As the team at Aware was new to AWS, Cloudreach suggested running a quick POC (Proof of Concept) with the following high-level goals in mind:
- No code rewrites: as significant investment had gone into fine-tuning the image recognition model using Tensorflow, rewriting the code into another deep learning library wasn’t a viable option. The existing codebase had to work as is on the new platform.
- Self-managing infrastructure – Aware wanted the new platform to be elastic and easy to manage so that data scientists could focus on improving their ML models and not worry about managing the underlying infrastructure
- Faster pre-processing cycle: Fetching and pre-processing of 100K test images from the image library should be completed in 5 minutes or less
- Continue using MongoDB: as the team had significant experience with MongoDB, switching to another NoSQL database was not an option
- Model reproducibility: Data scientists should have the ability to rerun a model with the same set of training data used during the initial run
- Provide options to pick cost-based execution “lanes” – not all models needed to run on the most expensive environment. Aware needed a flexible environment where data scientists could pick a cheaper option for non-critical jobs.
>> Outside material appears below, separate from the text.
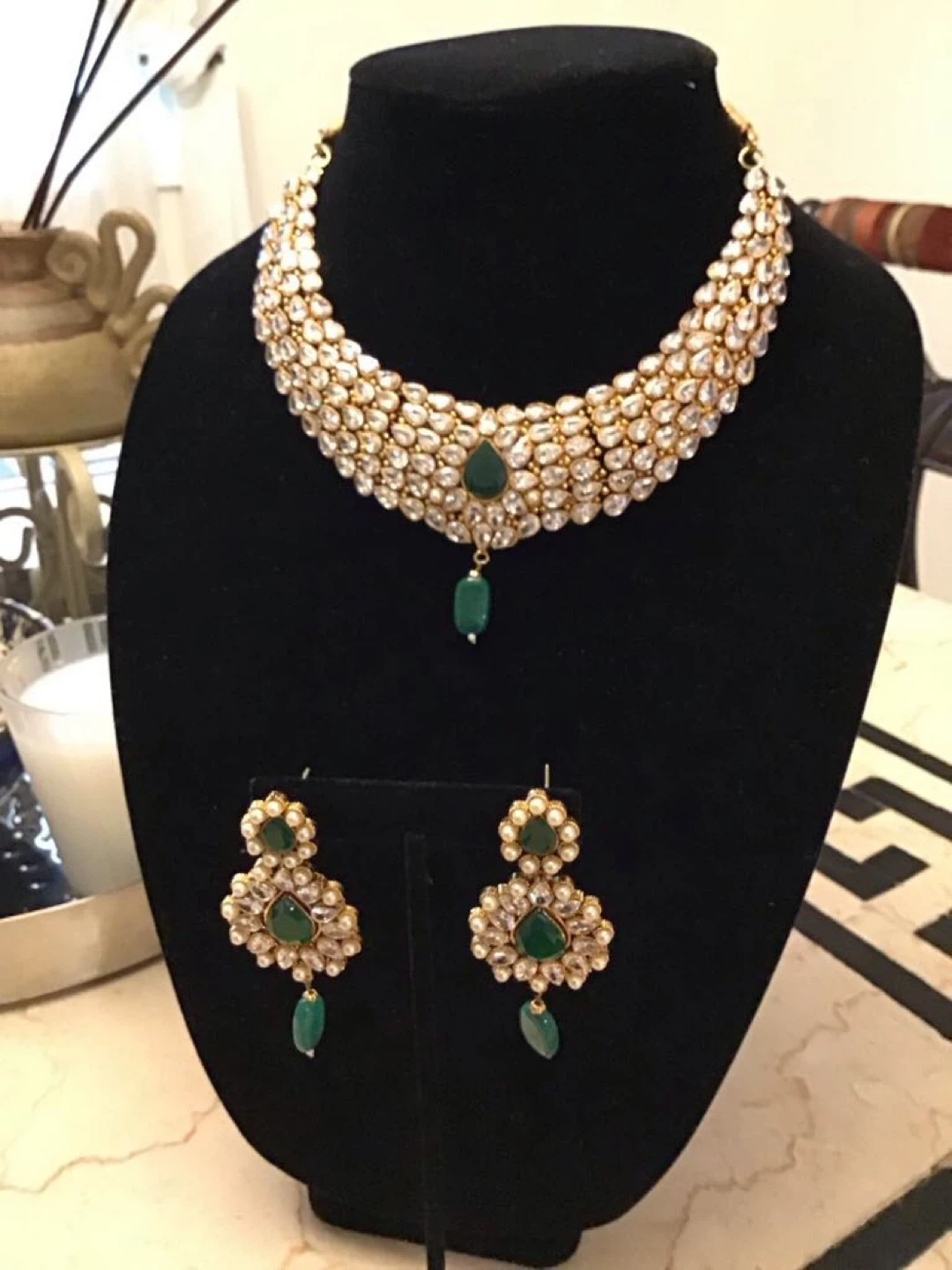 Selling a beautiful necklace and earring set! This set would be perfect for a special occasion or to add a touch of elegance to any outfit. The set features intricate detailing and a classic design.

Cloudreach built a POC solution for Aware using the following AWS services:
- Amazon SageMaker
- Amazon DocumentDB (with MongoDB compatibility)
- Amazon S3
- AWS Batch
- Amazon ECR
- AWS CLI
With a small engineering team, Aware didn’t have the resources to make the move quickly or to learn a completely new platform, while also continuing to produce ML features vital to our growing SaaS platform. Cloudreach’s efforts to accommodate Aware’s existing image pipeline in developing the POC on AWS was essential to the customer’s quick and successful migration. Building off of the foundations Cloudreach provided, the Aware Data Science team was able to complete the migration to AWS in less than 6 weeks.
As a result of moving to AWS, the Aware data science team has dramatically reduced the amount of time spent managing and maintaining infrastructure. With this time saved, coupled with the flexibility of AWS Batch and Amazon SageMaker, the team has successfully deployed vastly more sophisticated ML data pipelines, allowing us to more effectively solve complex business needs.
Cloudreach’s expertise was critical to the successful migration of Aware’s ML existing pipeline to AWS. Not only did their proposed POC solution reduce image preprocessing from hours to minutes, by closely working with Cloureach engineers, the Aware team was able to influence the solution in such a way that it was easily extensible to other use cases. Cloudreach’s openness to this collaborative process was essential to the long-term success of the migration.